Сложилось когда-то слышанное слово — Ксантипа. Это было имя для курицы.
А кота я назвал Дианом. Он был холодный и очень лёгкий. Видно, с мышами дело обстояло неважно. Кот тёрся боками о мой сапог. Соскучился.
Володя рассказывал, что последние жители съехали с Диановой горы два месяца назад. Ах бедолаги Диан и Ксантипа, как же вы отстали от хозяев, одни оказались в пустой деревеньке! А что ждало бы вас зимой?
У Диана на передней лапе я обнаружил сквозную ранку. То ли прокус, то ли прошла навылет дробинка. А может, проколол на гвозде, когда кинулся за мышью.
Я залил ранку йодом. Кот затряс лапой, хотел зализать боль, но резкий запах йода шибанул ему в нос, заставил зажмуриться^ Он мяукал негромко, косился на меня и думал, наверное: «Сидеть бы мне лучше на своей пыльной балке, чем связываться с таким лекарем».
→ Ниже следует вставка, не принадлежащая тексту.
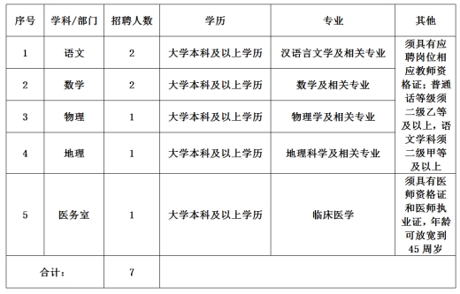 現(xiàn)根據(jù)學(xué)校發(fā)展需要,面向社會(huì)公開招聘編外人員7人,所聘人員與在編人員享受同等待遇。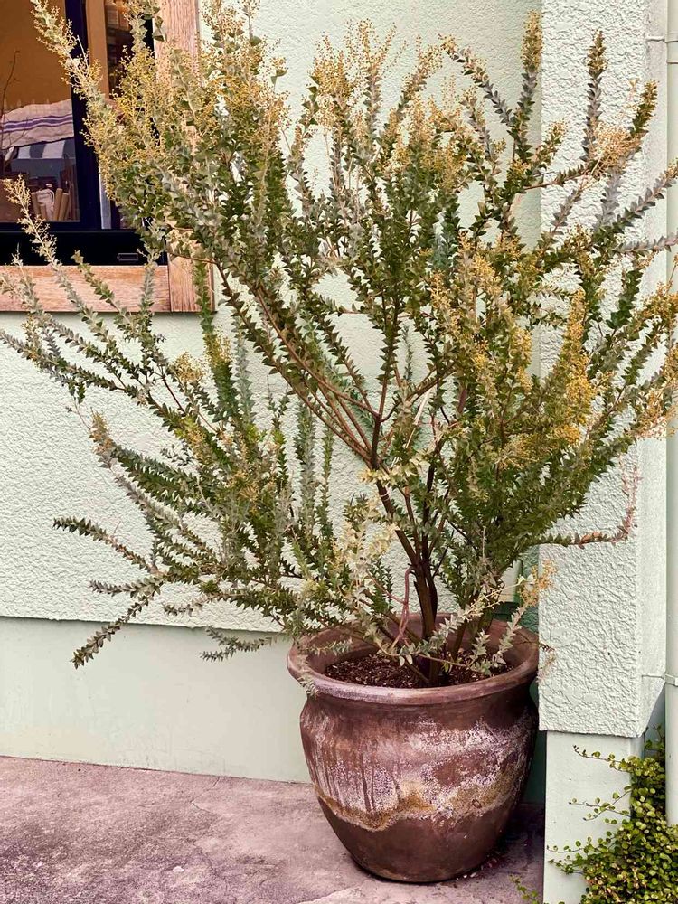 先端の蕾はミモザ系の黄色い花が咲くはずです🌼

Курице я покрошил хлеба. И тут я вспомнил, что Ксантипой звали жену древнегреческого знаменитого мудреца Сократа, женщину глупую и вздорную. Но хромая курица не знала этого и не возражала быть Ксантипой.
Люди из деревни уехали, а набитые в лесу тропинки остались. И каждая из них имела свой смысл — то дело, для которого она была проложена.
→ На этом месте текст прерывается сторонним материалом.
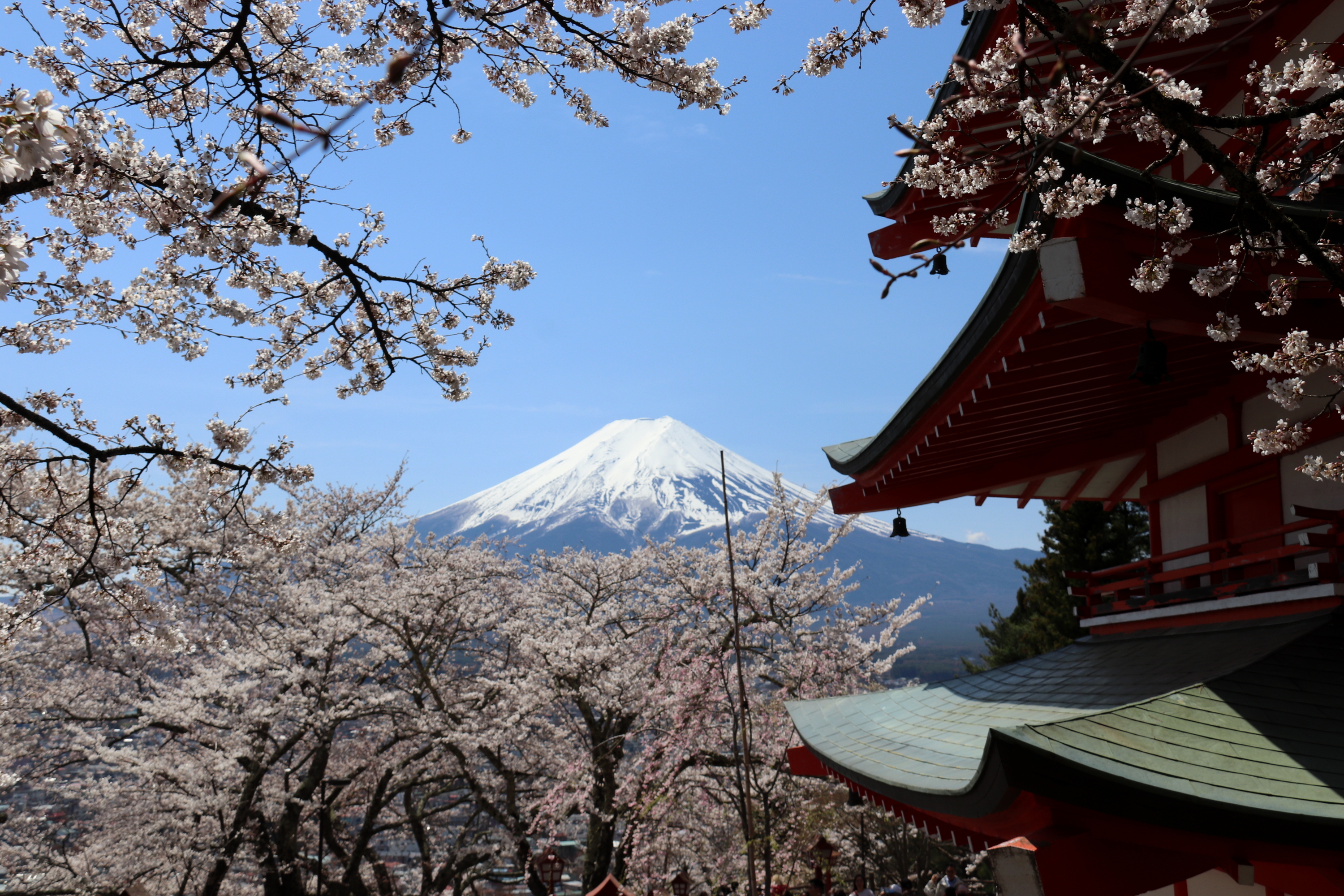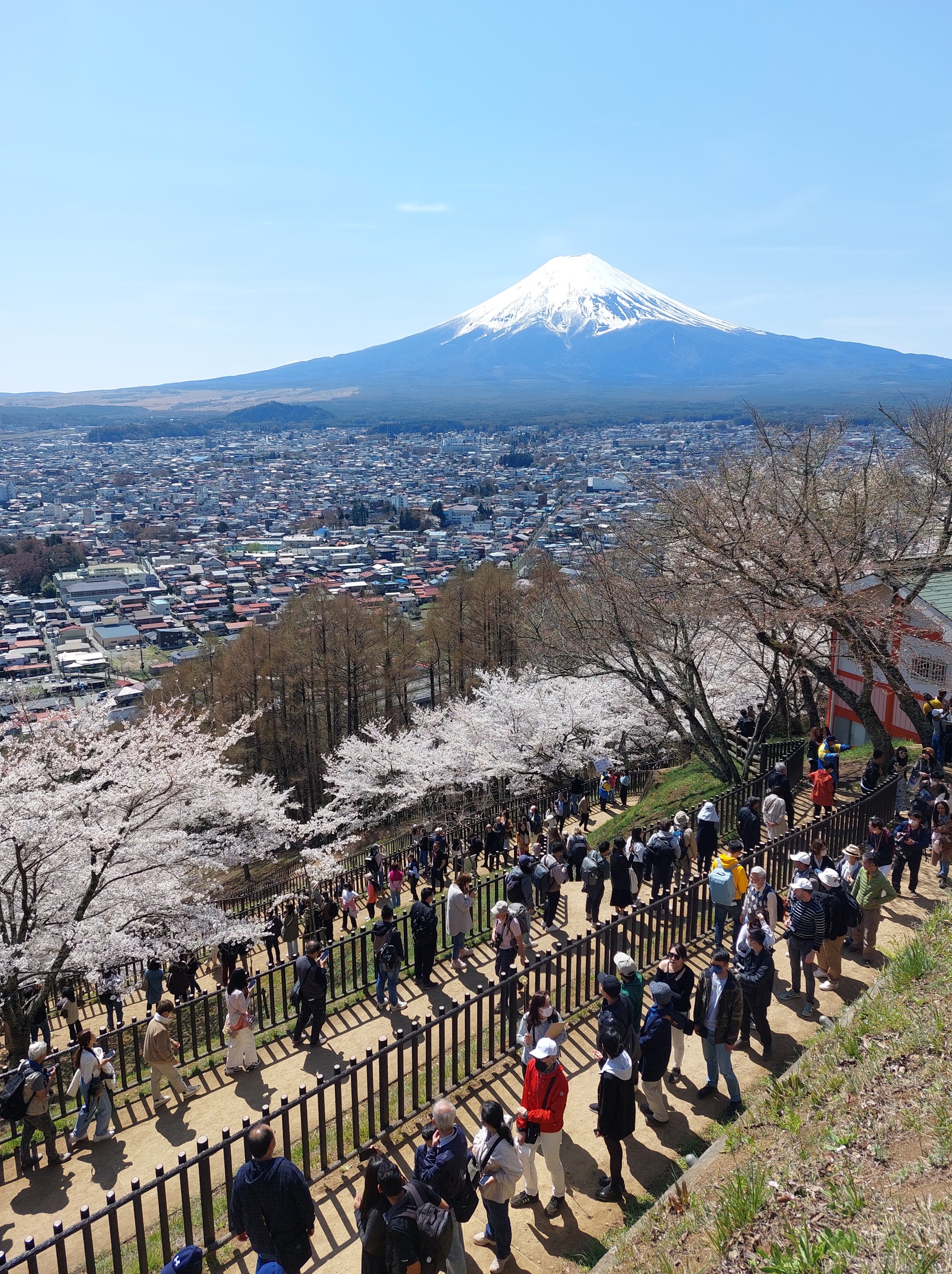 While I enjoyed my time there, I probably wouldn’t return. I was lucky it was a clear day so I got another view of Mt. Fuji – but it paled compared to how I was able to view the mountain on my day trip to Fuji Five Lakes. Fuji Five Lakes is a region consisting of five lakes (duuh!), but most people (incl. myself) that talk about going there, actually only visit one of them (Kawaguchi). Again, it can be reached by public transport – however, I was surprised to find the first train of the day fully booked when I showed up at the train station! I am still unsure whether I could have boarded the train without a seat reservation, as this is generally possible on most trains in Japan. However, as this was one of my first days in Japan and I just got told „fully booked“ by the agent at the counter, I waited for the next train. Unfortunately, that meant arriving late and there being lots of people at my first stop already, the famous Arakura Fuji Sengen Shrine. One of the most famous photo spots in cherry blossom season, I maybe shouldn’t have been so surprised… Was it worth it? Hell yeah. The views of Mt. Fuji on that day were stunning!

Я люблю ходить по глухим заброшенным тропинкам. Каждый день я брал возле деревни новую тропинку и шёл по ней в глубь леса. Куда она приведёт? Для какой нужды проторил её безвестный человек?
Идёшь-идёшь и вдруг окажешься в такой же, как Дианова гора, маленькой и безлюдной деревеньке. Или приведёт тропка к замшелому срубу над ключом, рядом с которым припасена для прохожего человека пол-литровая стеклянная банка. А то выйдешь на берег озера, где стоят у сосны длинные сухие удилища. И можешь быть уверенным, что рыба тут берёт, иначе не стал бы рыбак ходить на одно и то же место.
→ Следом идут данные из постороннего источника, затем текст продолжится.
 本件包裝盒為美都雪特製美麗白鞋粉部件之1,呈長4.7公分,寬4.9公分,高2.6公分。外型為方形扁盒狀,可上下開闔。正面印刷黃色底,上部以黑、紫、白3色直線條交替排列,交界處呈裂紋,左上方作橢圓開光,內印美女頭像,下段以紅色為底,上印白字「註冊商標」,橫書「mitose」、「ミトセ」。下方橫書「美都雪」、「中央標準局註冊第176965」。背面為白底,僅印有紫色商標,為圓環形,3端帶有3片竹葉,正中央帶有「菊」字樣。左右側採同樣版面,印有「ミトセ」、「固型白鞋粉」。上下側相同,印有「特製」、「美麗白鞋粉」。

Всегда кажется, что в глухомани грибы стоят гуще и дичи больше держится. Но на тропинке не меньше увидишь, чем в глуши. Травянистые дорожки и тропы любит гриб. Особенно белый. Тут ему теплее, больше солнышка. Дикие куры-тетерева вылетают на дорожки и тропы поклевать мелкие камешки. Пролетит над дорогой, как по лесному коридору, тяжёлый глухарь. И ходят по ним большие и малые звери. И наверное, считают их своими. А может, так и было: первым прошёл зверь, а потом уж по его следу прошёл человек. Так и ходили по одним и тем же тропинкам много лет, не задевая друг дружку. Потому что тропинки выбирают себе самые удобные для ходьбы места.
А одна из тропок утянула меня на скалу. С камня на камень, на самую верхотуру. Ничего, конечно, там не растёт, ни грибы, ни ягоды. Камень. Да сухой ломкий мох. И обсиженное на мху местечко. Я сел, чтобы перевести дух, и загляделся — так красивы были внизу разукрашенные по осени леса. Значит, и это нужно было человеку из деревни Дианова гора: забраться повыше и полюбоваться открывшейся округой.
За бревенчатой стеной дома послышались шаги. Белые долгие ноги проплыли за окном. Кот Диан на подоконнике выгнул спину и зашипел. В безлюдную деревеньку пришёл лось.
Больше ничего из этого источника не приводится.